* [TASK STATEMENT]
Without the pictures, print each of the records below exactly as it appears.

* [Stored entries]

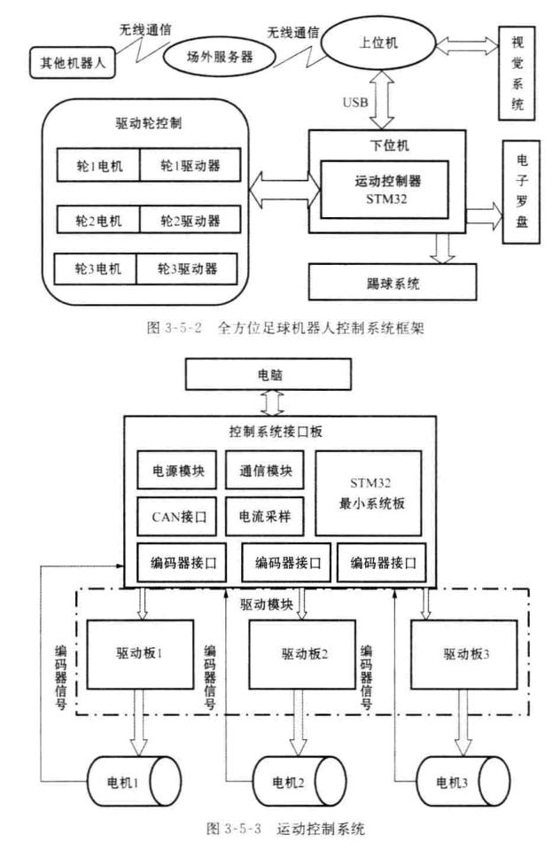 運(yùn)動(dòng)控制系統(tǒng)由通信模塊、電源模塊、控制模塊和電機(jī)驅(qū)動(dòng)模塊組成。一塊主 控制板(STM32) 控制3塊驅(qū)動(dòng)電路,分別驅(qū)動(dòng)3個(gè)全方位輪,實(shí)現(xiàn)3軸聯(lián)動(dòng)。當(dāng)機(jī)器人工作時(shí),通信模塊負(fù)責(zé)從PC 機(jī)接收指令數(shù)據(jù),包括3個(gè)輪子的速度和是否踢 球判斷以及踢球力度。控制模塊將3個(gè)輪子的速度發(fā)送到運(yùn)動(dòng)控制模塊,并產(chǎn)生 一個(gè)踢球信號(hào)控制氣動(dòng)踢球系統(tǒng)產(chǎn)生踢球動(dòng)作。運(yùn)動(dòng)控制模塊則控制著3個(gè)輪子 的速度,并且將通過閉環(huán)采集到的電機(jī)碼盤信息獲得的3個(gè)輪子的速度反饋回PC 機(jī),供機(jī)器人上層策略算法使用。其結(jié)構(gòu)圖如圖3-5-3。通信模塊和運(yùn)動(dòng)控制模塊的CPU采用的是 STM32F103CB。
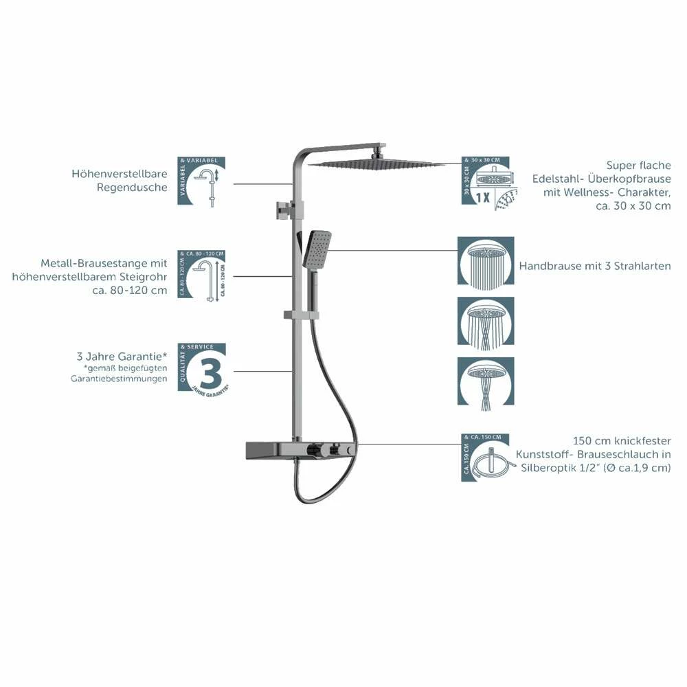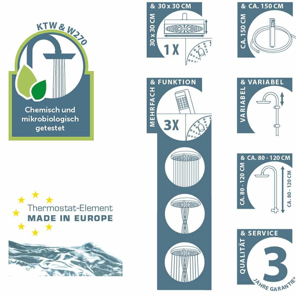 - inkl. Thermostat-Armatur mit einstellbarem Verbrühschutz durch Temperaturbegrenzung
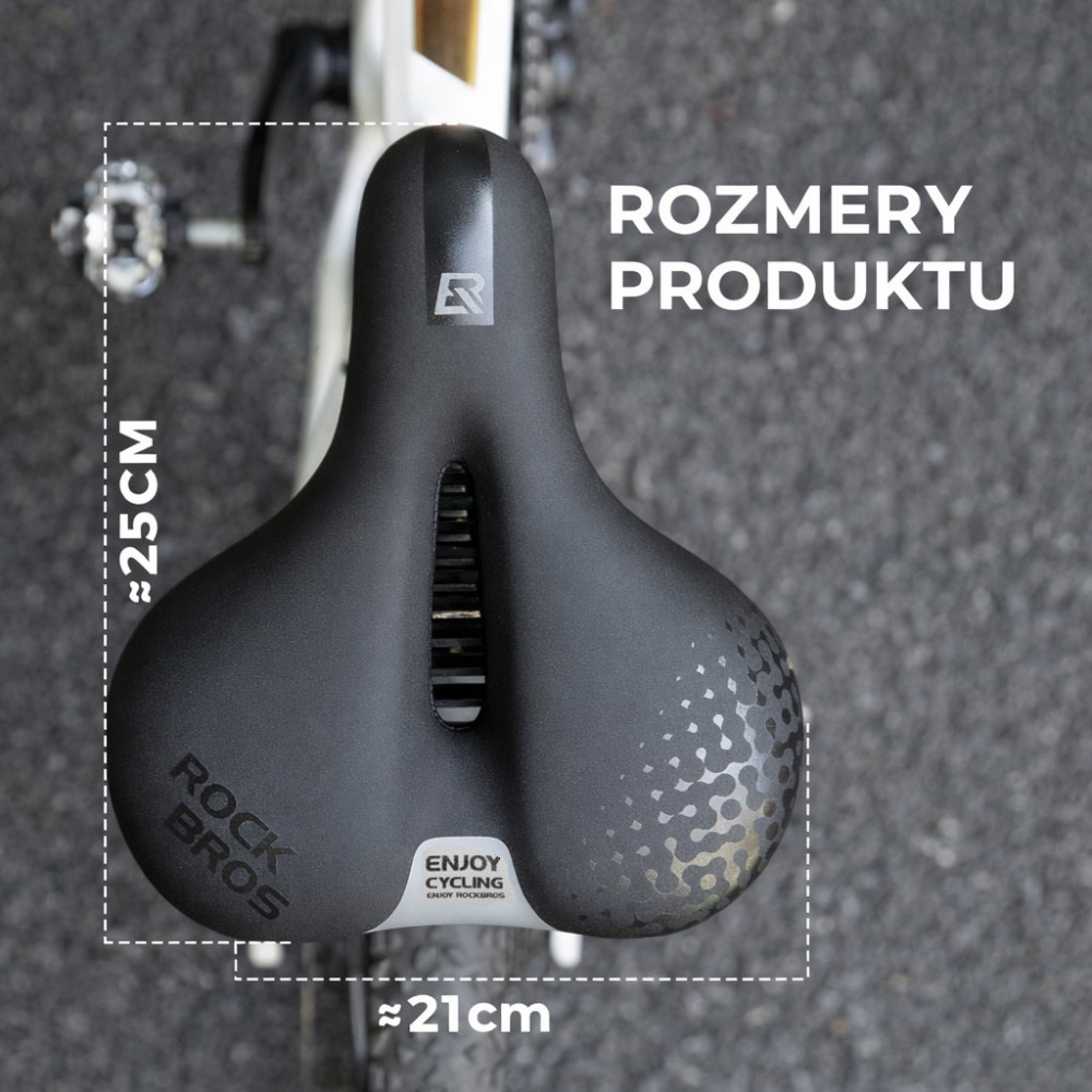 značka Rockbros, sedlo so zosilnenou penou, pohodlné, mäkké, ergonomické a vodotesné. Zosilnená pena s vysokou hustotou je mäkká a ponúka pri jazde dobrý komfort. Špeciálna štruktúra dutiny zvyšuje cirkuláciu vzduchu a odvádza vlhkosť a teplo, aby sa zabránilo nepríjemnému a dusnému poteniu. Na spodnej strane sedla sa nachádzajú 2 dvojvrstvové guľové tlmiče. V kombinácii s oblúkom sedadla, dobre absorbujú nárazy.
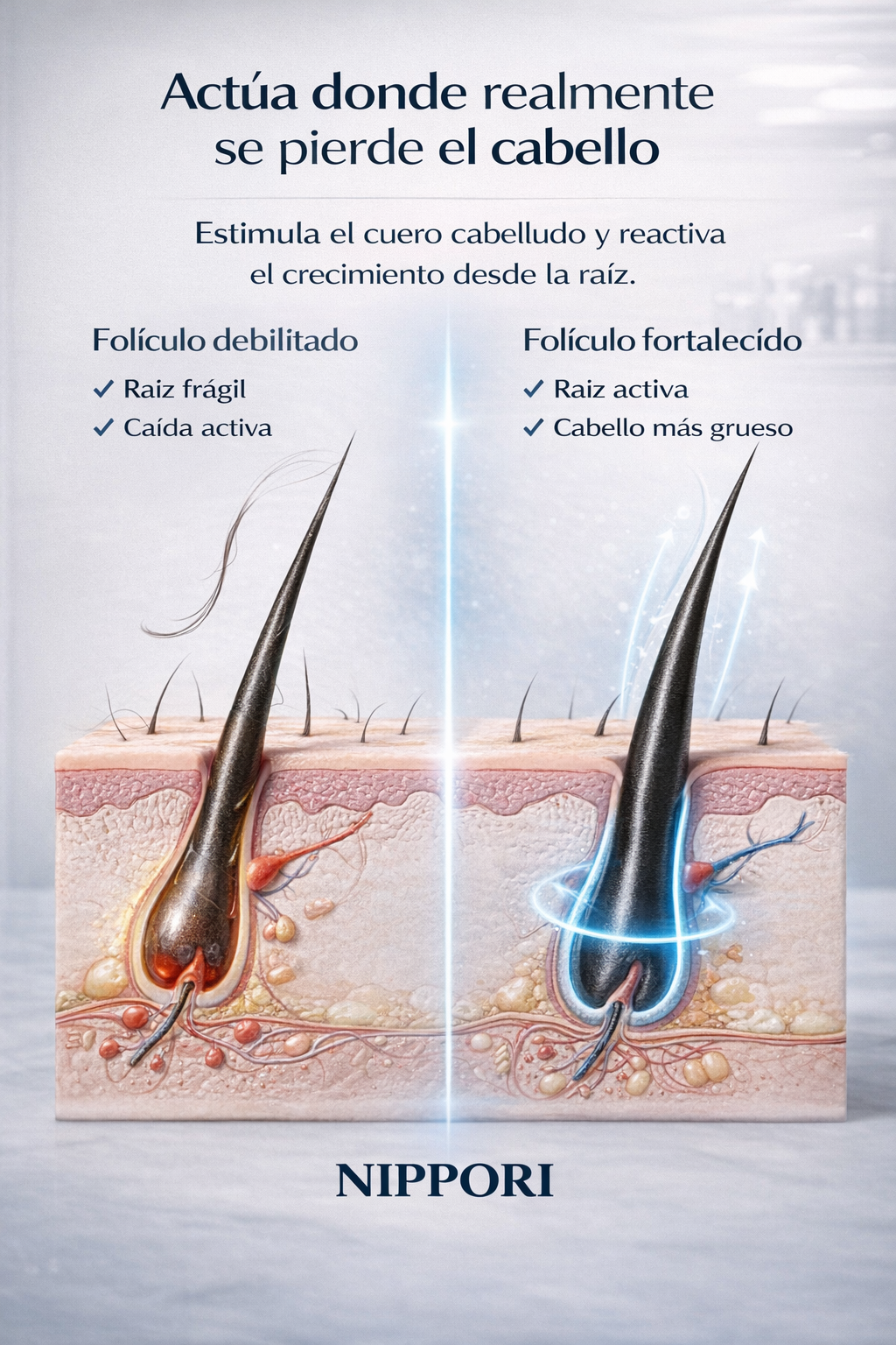 SHAMPOO CLINICO NIPPORI - Actúa desde la raíz cuando el cabello empieza a desaparecer
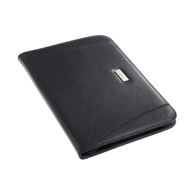 Le dossier peut être entièrement fermé avec une fermeture éclair, ce qui offre une sécurité et une protection supplémentaires à vos documents. Une plaque métallique est fixée à l'extérieur sur laquelle un texte ou un logo peut être appliqué par gravure laser, ce qui donne une touche personnelle à votre dossier d'écriture.
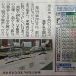 The 12th Koriyama Token Ichi was held for three days from Friday, February 21st at Big Palette Fukushima in Koriyama City, Fukushima Prefecture. The strongest cold wave had been stagnant in the Tohoku district, and there were concerns about heavy snowfall, but fortunately Koriyama was blessed with good weather, and the local newspapers Fukushima Minpo and Fukushima Minyu Newspapers continued to cover the sales event, so it was very busy every day. It is very rewarding to hear many regular customers say they look forward to the Koriyama Token Ichi being held every six months. The next 13th Koriyama Token Ichi will be held in August, six months from now. We will do our best to meet the expectations of Fukushima sword enthusiasts !
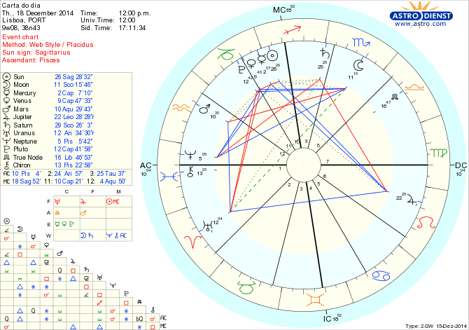 Mesmo sem querer, há velhas feridas que são tocadas, emoções que se intensificam e processos de transformação profunda que é preciso pôr em marcha. Queremos controlar as situações, a desconfiança reina e não podemos fugir. Há que pegar de frente nos problemas, ir ao fundo dos sentimentos, dar a volta e descobrir novas estruturas de segurança emocional, doméstica ou financeira. São as dívidas do coração e da bolsa que mexem hoje com todo o nosso sentir e, com as vulnerabilidades expostas, queremo-nos proteger, antes de pensar no resto. É a Lua em Escorpião em quadratura a Marte em Aquário e sextil a Plutão ao Capricórnio que nos coloca face a situações que temos de resolver adotando novas medidas de funcionamento já que o trígono a Quíron traz a lume questões antigas delicadas que pedem resposta criativa com o quintil de Mercúrio. Em plena quadratura de Urano a Plutão que nos põe numa encruzilhada de transformação pessoal e colectiva, os aspectos de hoje, a caminho da conjunção de Vénus a Plutão são sinais de que há novos valores que têm de se levantar mas, até lá, os velhos valores têm de morrer primeiro. A Lua de hoje em Escorpião e os aspectos que faz confronta-nos com essa necessidade de largarmos velhas dependências e ligações, mesmo que custe.
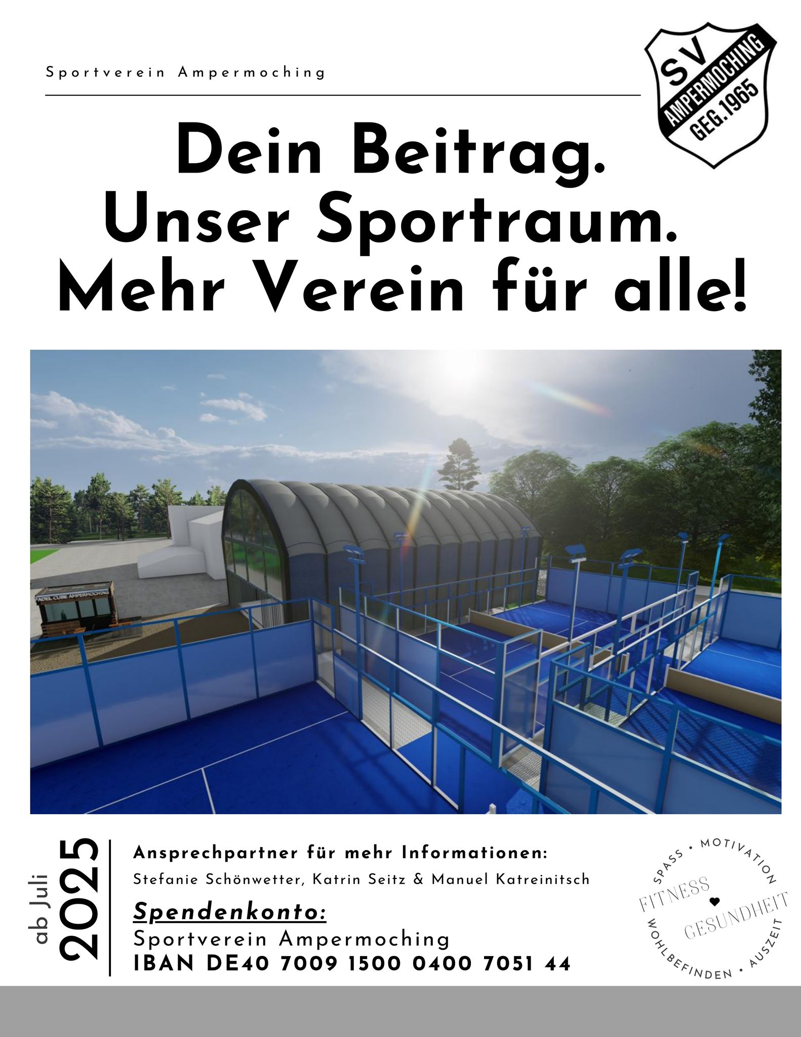 Hinter dem Nefzger Anwesen entstand ein neuer Fußballplatz. Im September 1971 erhielt der SV Ampermoching im Zuge der Flurbereinigung von der damals noch bestehenden Gemeinde Ampermoching ein Grundstück in der Größe von etwa sechs Tagwerken. Bereits im selben Jahr wurde auf diesem Gelände ein Trainingsplatz errichtet. Problem hierbei waren Elektromasten, welche sich auf dem Gelände befanden. Diese wurden für 12000 DM entfernt. Bereits im Oktober 1972 war dann die Grundsteinlegung für das Vereinsheim, welches im August des darauffolgenden Jahres im Rohbau stand.
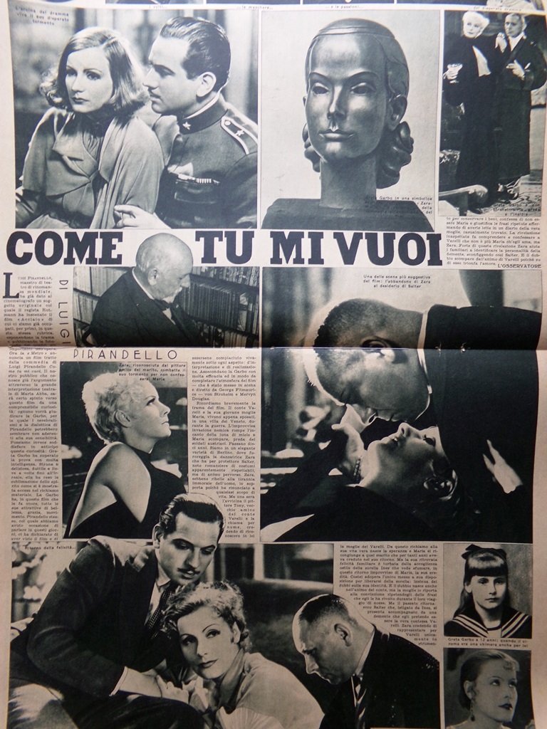 I grandi film: come tu mi vuoi (di Luigi Pirandello) con Greta Garbo (servizio in 2 pagine)
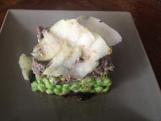 Prenez une bonne poignée d'algues mortes, genre dulse + laitue de mer + nori, laissez-les se prélasser langoureusement dans une cuillerée d'huile d'avocat, agrémentés d'un trait de citron et de trois grains de sel de Guérande.Faites cuire des petits pois frais dans de l'eau bouillante, au préalable salée (vous remarquerez que dans les recettes l'expression "au préalable" arrive toujours en fin de phrase…), puis égouttez-les sans vous brûler, plongez-les dans un saladier d'eau glacée, égouttez à nouveau (plaisir de la répétition), et mélangez-les à un pesto à la truffe blanche (ou aux champignons, hein), bricolez vite fait une petite fondue d'aubergine (sans oublier l'ail broyé, et en donnant un petit coup de girafe (oui, je sais)), puis découpez de translucides tranches dans un chou rave (exercice qui exige plus de doigté que si vous tentiez de décoller deux pages de Pléiade qui en fait n'en font qu'une), arrosez-les prudemment d'huile de sésame, et parsemez-les de grains de sésame tant qu'à faire.
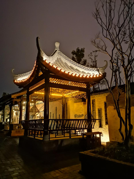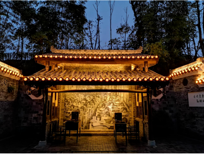 在保护瓦片的情况下,采用嫦娥奔月 · 瓦当灯和龙头 · 瓦当灯均匀洗亮屋檐,光线营造细腻而丰富的视觉层次,灯具隐藏与建筑完美结合,强调“见光不见灯”,细腻柔和的光线在暖白色和暖黄色的色调中传递着轻盈与庄严之感。

* [ANSWER TO THE PROBLEM]
 運(yùn)動(dòng)控制系統(tǒng)由通信模塊、電源模塊、控制模塊和電機(jī)驅(qū)動(dòng)模塊組成。一塊主 控制板(STM32) 控制3塊驅(qū)動(dòng)電路,分別驅(qū)動(dòng)3個(gè)全方位輪,實(shí)現(xiàn)3軸聯(lián)動(dòng)。當(dāng)機(jī)器人工作時(shí),通信模塊負(fù)責(zé)從PC 機(jī)接收指令數(shù)據(jù),包括3個(gè)輪子的速度和是否踢 球判斷以及踢球力度。控制模塊將3個(gè)輪子的速度發(fā)送到運(yùn)動(dòng)控制模塊,并產(chǎn)生 一個(gè)踢球信號(hào)控制氣動(dòng)踢球系統(tǒng)產(chǎn)生踢球動(dòng)作。運(yùn)動(dòng)控制模塊則控制著3個(gè)輪子 的速度,并且將通過閉環(huán)采集到的電機(jī)碼盤信息獲得的3個(gè)輪子的速度反饋回PC 機(jī),供機(jī)器人上層策略算法使用。其結(jié)構(gòu)圖如圖3-5-3。通信模塊和運(yùn)動(dòng)控制模塊的CPU采用的是 STM32F103CB。
 - inkl. Thermostat-Armatur mit einstellbarem Verbrühschutz durch Temperaturbegrenzung
 značka Rockbros, sedlo so zosilnenou penou, pohodlné, mäkké, ergonomické a vodotesné. Zosilnená pena s vysokou hustotou je mäkká a ponúka pri jazde dobrý komfort. Špeciálna štruktúra dutiny zvyšuje cirkuláciu vzduchu a odvádza vlhkosť a teplo, aby sa zabránilo nepríjemnému a dusnému poteniu. Na spodnej strane sedla sa nachádzajú 2 dvojvrstvové guľové tlmiče. V kombinácii s oblúkom sedadla, dobre absorbujú nárazy.
 SHAMPOO CLINICO NIPPORI - Actúa desde la raíz cuando el cabello empieza a desaparecer
 Le dossier peut être entièrement fermé avec une fermeture éclair, ce qui offre une sécurité et une protection supplémentaires à vos documents. Une plaque métallique est fixée à l'extérieur sur laquelle un texte ou un logo peut être appliqué par gravure laser, ce qui donne une touche personnelle à votre dossier d'écriture.
 The 12th Koriyama Token Ichi was held for three days from Friday, February 21st at Big Palette Fukushima in Koriyama City, Fukushima Prefecture. The strongest cold wave had been stagnant in the Tohoku district, and there were concerns about heavy snowfall, but fortunately Koriyama was blessed with good weather, and the local newspapers Fukushima Minpo and Fukushima Minyu Newspapers continued to cover the sales event, so it was very busy every day. It is very rewarding to hear many regular customers say they look forward to the Koriyama Token Ichi being held every six months. The next 13th Koriyama Token Ichi will be held in August, six months from now. We will do our best to meet the expectations of Fukushima sword enthusiasts !
 Mesmo sem querer, há velhas feridas que são tocadas, emoções que se intensificam e processos de transformação profunda que é preciso pôr em marcha. Queremos controlar as situações, a desconfiança reina e não podemos fugir. Há que pegar de frente nos problemas, ir ao fundo dos sentimentos, dar a volta e descobrir novas estruturas de segurança emocional, doméstica ou financeira. São as dívidas do coração e da bolsa que mexem hoje com todo o nosso sentir e, com as vulnerabilidades expostas, queremo-nos proteger, antes de pensar no resto. É a Lua em Escorpião em quadratura a Marte em Aquário e sextil a Plutão ao Capricórnio que nos coloca face a situações que temos de resolver adotando novas medidas de funcionamento já que o trígono a Quíron traz a lume questões antigas delicadas que pedem resposta criativa com o quintil de Mercúrio. Em plena quadratura de Urano a Plutão que nos põe numa encruzilhada de transformação pessoal e colectiva, os aspectos de hoje, a caminho da conjunção de Vénus a Plutão são sinais de que há novos valores que têm de se levantar mas, até lá, os velhos valores têm de morrer primeiro. A Lua de hoje em Escorpião e os aspectos que faz confronta-nos com essa necessidade de largarmos velhas dependências e ligações, mesmo que custe.
 Hinter dem Nefzger Anwesen entstand ein neuer Fußballplatz. Im September 1971 erhielt der SV Ampermoching im Zuge der Flurbereinigung von der damals noch bestehenden Gemeinde Ampermoching ein Grundstück in der Größe von etwa sechs Tagwerken. Bereits im selben Jahr wurde auf diesem Gelände ein Trainingsplatz errichtet. Problem hierbei waren Elektromasten, welche sich auf dem Gelände befanden. Diese wurden für 12000 DM entfernt. Bereits im Oktober 1972 war dann die Grundsteinlegung für das Vereinsheim, welches im August des darauffolgenden Jahres im Rohbau stand.
 I grandi film: come tu mi vuoi (di Luigi Pirandello) con Greta Garbo (servizio in 2 pagine)
 Prenez une bonne poignée d'algues mortes, genre dulse + laitue de mer + nori, laissez-les se prélasser langoureusement dans une cuillerée d'huile d'avocat, agrémentés d'un trait de citron et de trois grains de sel de Guérande.Faites cuire des petits pois frais dans de l'eau bouillante, au préalable salée (vous remarquerez que dans les recettes l'expression "au préalable" arrive toujours en fin de phrase…), puis égouttez-les sans vous brûler, plongez-les dans un saladier d'eau glacée, égouttez à nouveau (plaisir de la répétition), et mélangez-les à un pesto à la truffe blanche (ou aux champignons, hein), bricolez vite fait une petite fondue d'aubergine (sans oublier l'ail broyé, et en donnant un petit coup de girafe (oui, je sais)), puis découpez de translucides tranches dans un chou rave (exercice qui exige plus de doigté que si vous tentiez de décoller deux pages de Pléiade qui en fait n'en font qu'une), arrosez-les prudemment d'huile de sésame, et parsemez-les de grains de sésame tant qu'à faire.
 在保护瓦片的情况下,采用嫦娥奔月 · 瓦当灯和龙头 · 瓦当灯均匀洗亮屋檐,光线营造细腻而丰富的视觉层次,灯具隐藏与建筑完美结合,强调“见光不见灯”,细腻柔和的光线在暖白色和暖黄色的色调中传递着轻盈与庄严之感。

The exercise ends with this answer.